Em seu livro, Entre a Vida e a Morte, Medicina e Religião, o padre Anísio contou que as pessoas pediam rezas pelo milagre da cura impossível. Ele respondia: “Deus pode, mas não faz tudo”. Relatou no livro a angústia de Saulo, um garoto de 12 anos, em processo de metástase. Sua mãe e avó tentavam fazê-lo reagir. Num esforço enorme, o garoto comia e bebia para atender aos apelos delas e tinha surtos de vômito. “Apesar da gravidade, não conseguia morrer… Ou melhor, seus familiares pareciam não deixá-lo morrer”, escreveu. Ao vê-lo agonizando, Anísio orou, chamou a avó e a mãe e perguntou: “Vocês já pensado na possibilidade de deixar o Saulo morrer? Eu sugiro que, em vez de estimularem, dizendo que ele tem que ficar bom, vocês falem: ‘Saulo, você foi um guerreiro, lutou até onde suas forças permitiram. Se quiser descansar, entenderemos a decisão”. Naquela noite, o menino faleceu. Para o padre, a família ajuda o paciente a se curar. “Mas chega a hora em que precisa ter a maturidade de dar a ele o direito de ir embora.”

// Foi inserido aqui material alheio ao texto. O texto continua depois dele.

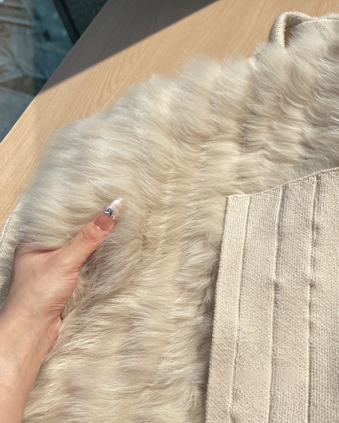 ラグジュアリーなフォックスファーが華やかさを演出する、大人ガーリーなショート丈コート。ふんわりと柔らかな包芯糸ニットで仕立てられた一枚は、軽やかなのにしっかり暖かく、秋冬のお出かけスタイルにぴったり。ゆったりした肩まわりとドロップショルダーのシルエットが今っぽく、スタイリングに抜け感をプラスします。ショートパンツやミニワンピとの相性も抜群で、甘すぎず洗練された印象に仕上がるおすすめのアウターです。
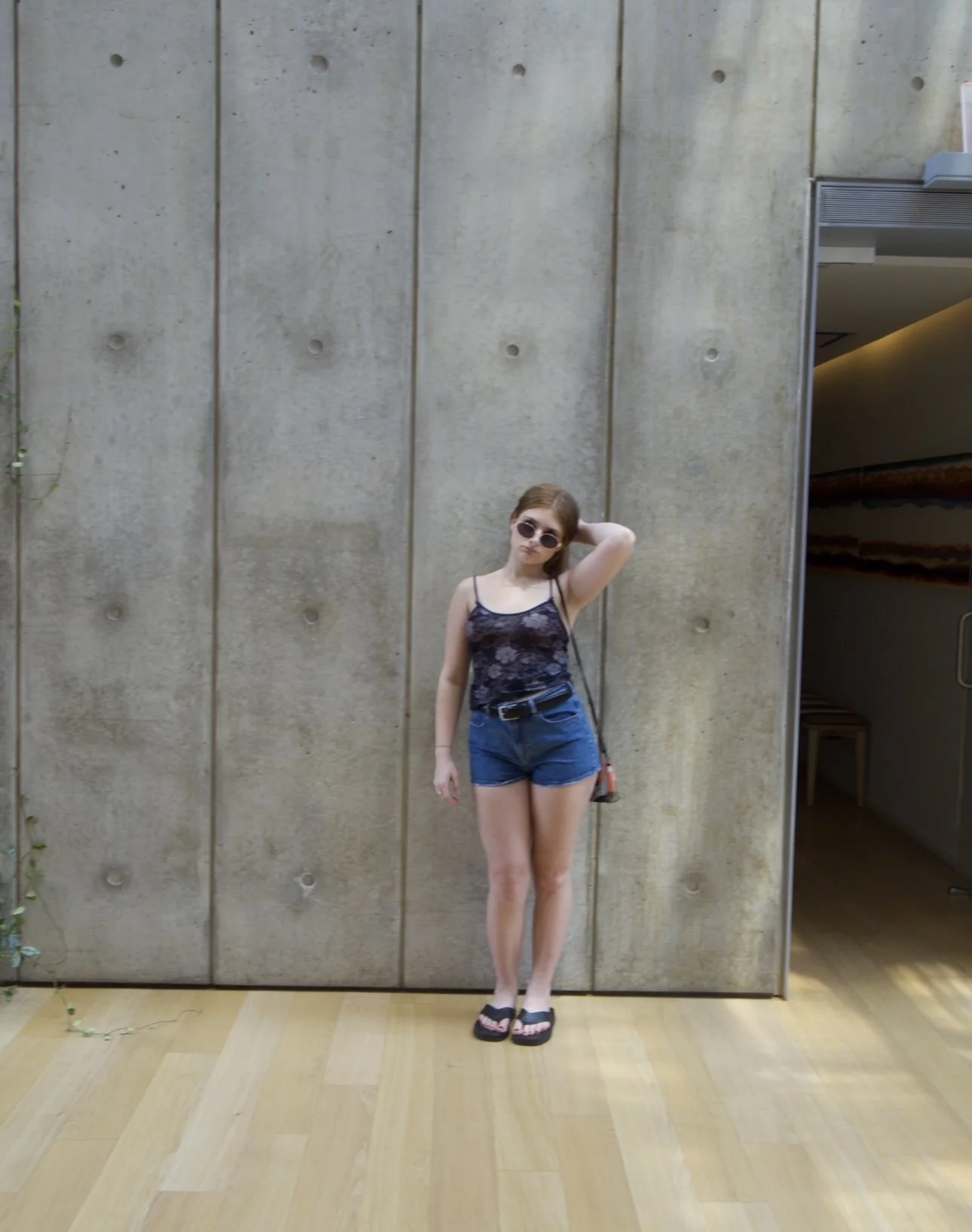 Laid back confidence meets subtle edge with this sheer black floral lace cami from βThe Blue Iris Boutique.β This top is balanced by high waisted dark wash denim shorts for a casual vibe. The classic black belt cinches the waist and compliments the black platform flip flops perfectly. Round sunglasses paired with a vintage multi-colored crossbody bag brings in a touch of retro vibe as these accessories close out the look.
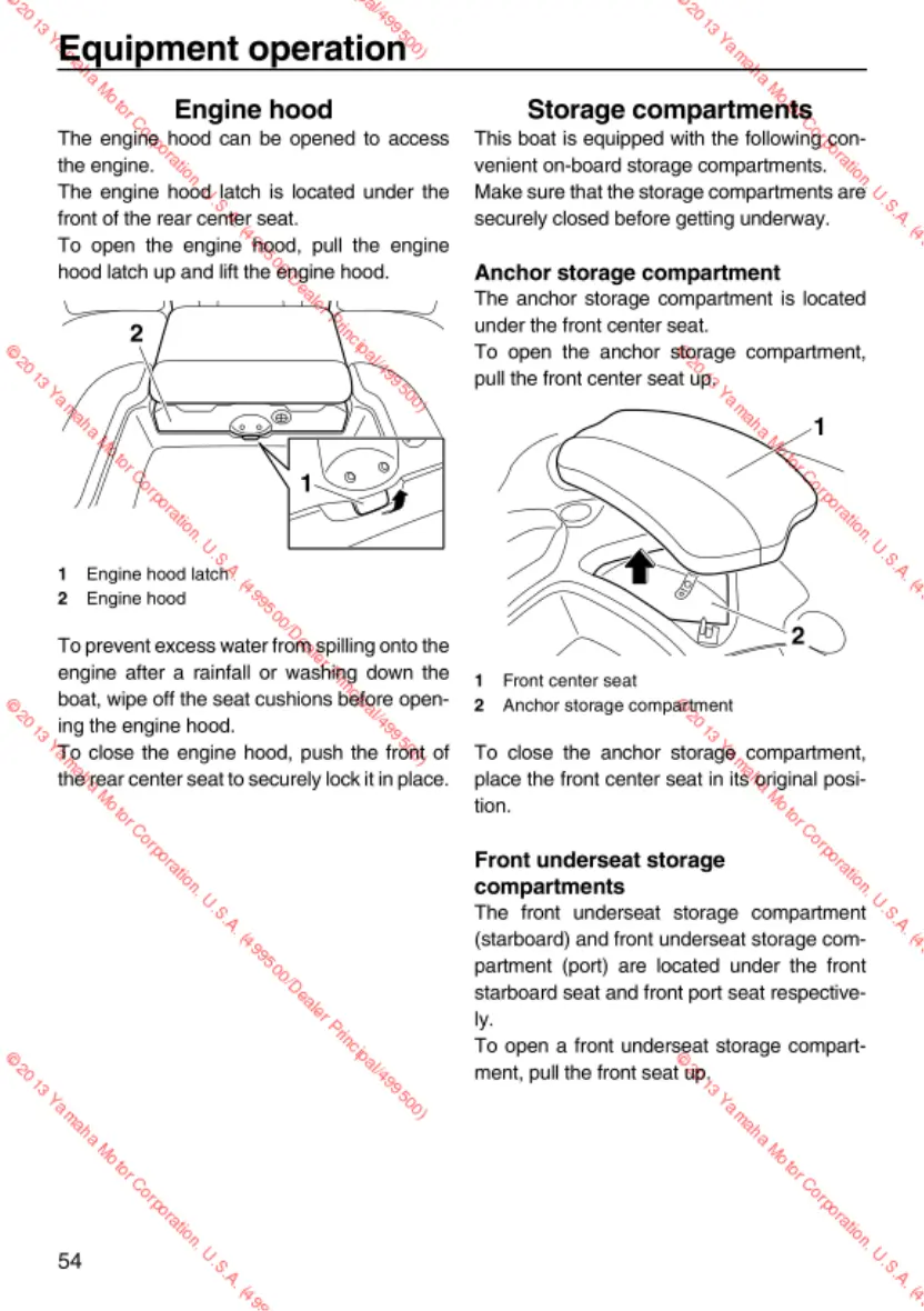 Yamaha AR192 - Engine Hood; Storage Compartments; Anchor Storage Compartment; Front Underseat Storage Compartments
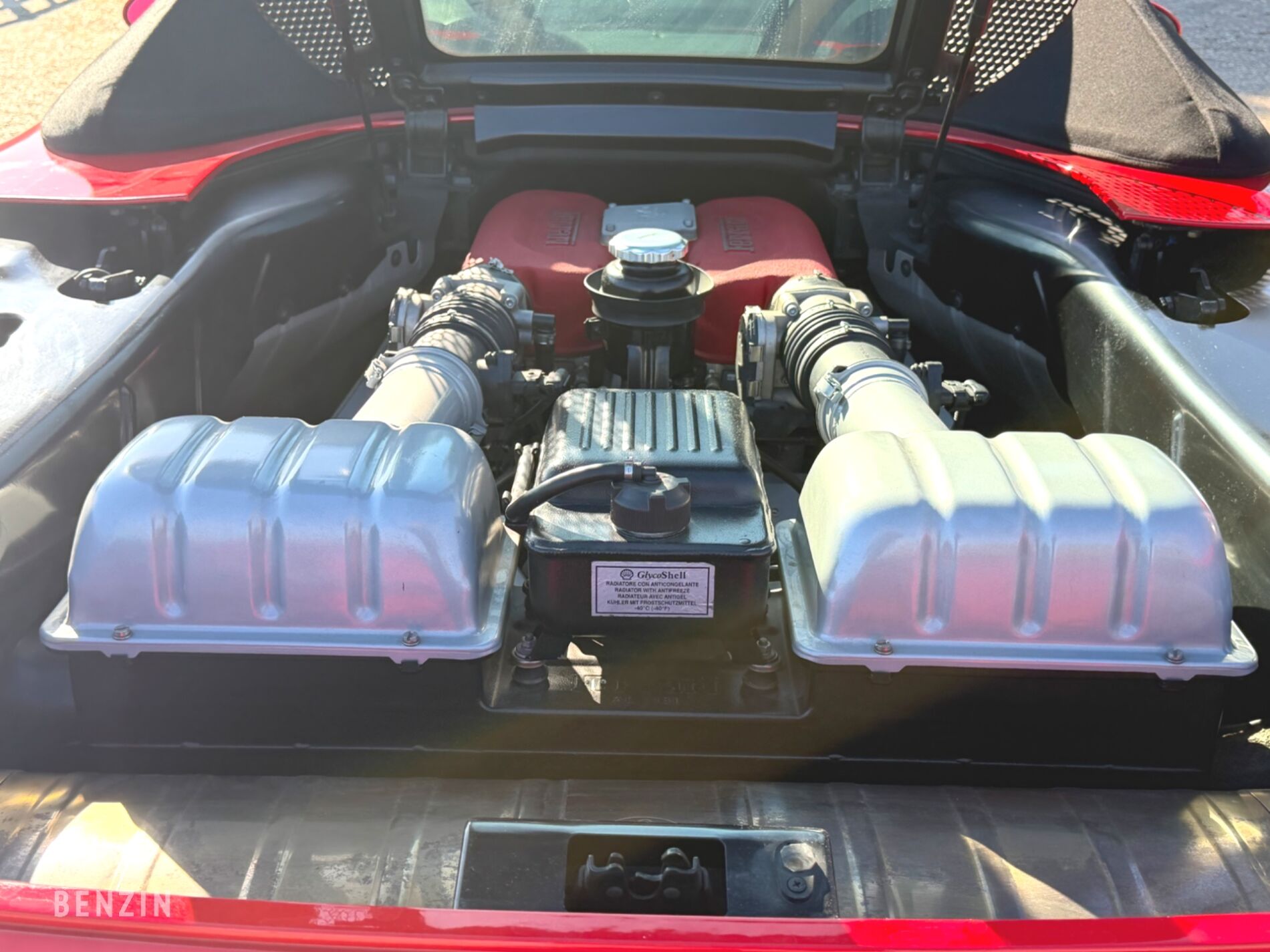 A l’extérieur, le vendeur indique que le véhicule est en très bon état. La carrosserie dans sa teinte Rosso Corsa ne présente aucun défaut majeur visible ; seuls quelques éclats mineurs sur le dessous du bouclier avant sont à noter.

Mães são leoas. E também insanas
Pondo a culpa no amor, muitas vezes somos egoístas demais. Fico imaginando a confusão que se tornou a vida de José Humberto depois que seu drama foi revelado em público. E quão solitário deve estar se sentindo dentro de casa, tendo a única pessoa de amparo também como sua opositora. Um juiz concedeu à mãe de José Humberto uma liminar que o interdita de forma parcial e provisória e o obriga a frequentar sessões de hemodiálise. Ele podia estar curtindo a vida ao seu estilo, em vez de ir à Ordem dos Advogados do Brasil atrás de um profissional para defendê-lo. Nem precisaria ter passado pela junta médica do Tribunal de Justiça do Estado de Goiás, que atestou sua sanidade mental, sua total capacidade de entendimento, mas o considerou “imaturo afetiva e emocionalmente”. Freud descreveu que todos nascemos com a sensação de desamparo. E ela carregamos por todo o sempre. Razão pela qual nos sentimos, muitas vezes, imaturos e emocionalmente frágeis. Por que com José Humberto seria diferente aos 22 anos? Por que ele não pode se dar um tempo para elaborar a montanha que desabou sobre sua cabeça, seus rins?

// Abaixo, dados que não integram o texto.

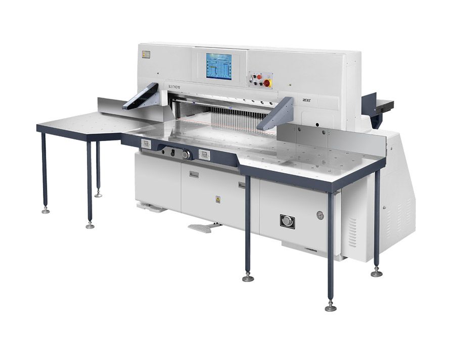 鑄件采用先進的樹脂砂造型,內部結構清晰,排號達到國際標準HT250,更有效的增長運動部位摩擦壽命。 顯示屏采用臺灣AU15英寸彩色液晶觸摸顯示屏。 電腦的操作界面采用人性化的設計,使操作人員易操作。 送紙馬達驅動采伺服系統,實現一次性定位精度為±0.01mm. 全機的主要低壓控制部分采用進口施耐德的電器。 液壓部分壓力可調。 機架采用國際流行的分體式結構,有效提升了機器的裁切精度,方便用戶的維護工作。 鍍鉻的工作平臺,節省了用戶的維護時間,延長了其使用壽命。 工作平臺還備有吹氣結構,方便推紙及送紙。 配有高可靠的8組的光柵保護,確保了操作者的人身安全。 掛鉤式的裝刀結構,使換刀工作簡單易行。 高精度、高剛度框型送紙機構,配線性雙導軌,確保了送紙精度。 蝸輪蝸桿傳動機構,液壓離合、機械制動;

Sei que mães são leoas. Eu sou. Quem põe um filho no mundo e ama é capaz de ir ao inferno buscar o milagre. Dá o próprio sangue, a alma, a saliva. Nesse entregar tudo, a leoa cobra uma contrapartida alta demais: que o filho a ame e corresponda às expectativas feitas para ele cumprir.
Neste momento, José Humberto deve estar precisando mais de delicadeza que de hemodiálise. Para ela terá todo empenho se um dia decidir, de fato, lutar. A decisão espontânea, sem pressão, empurra a montanha ladeira acima.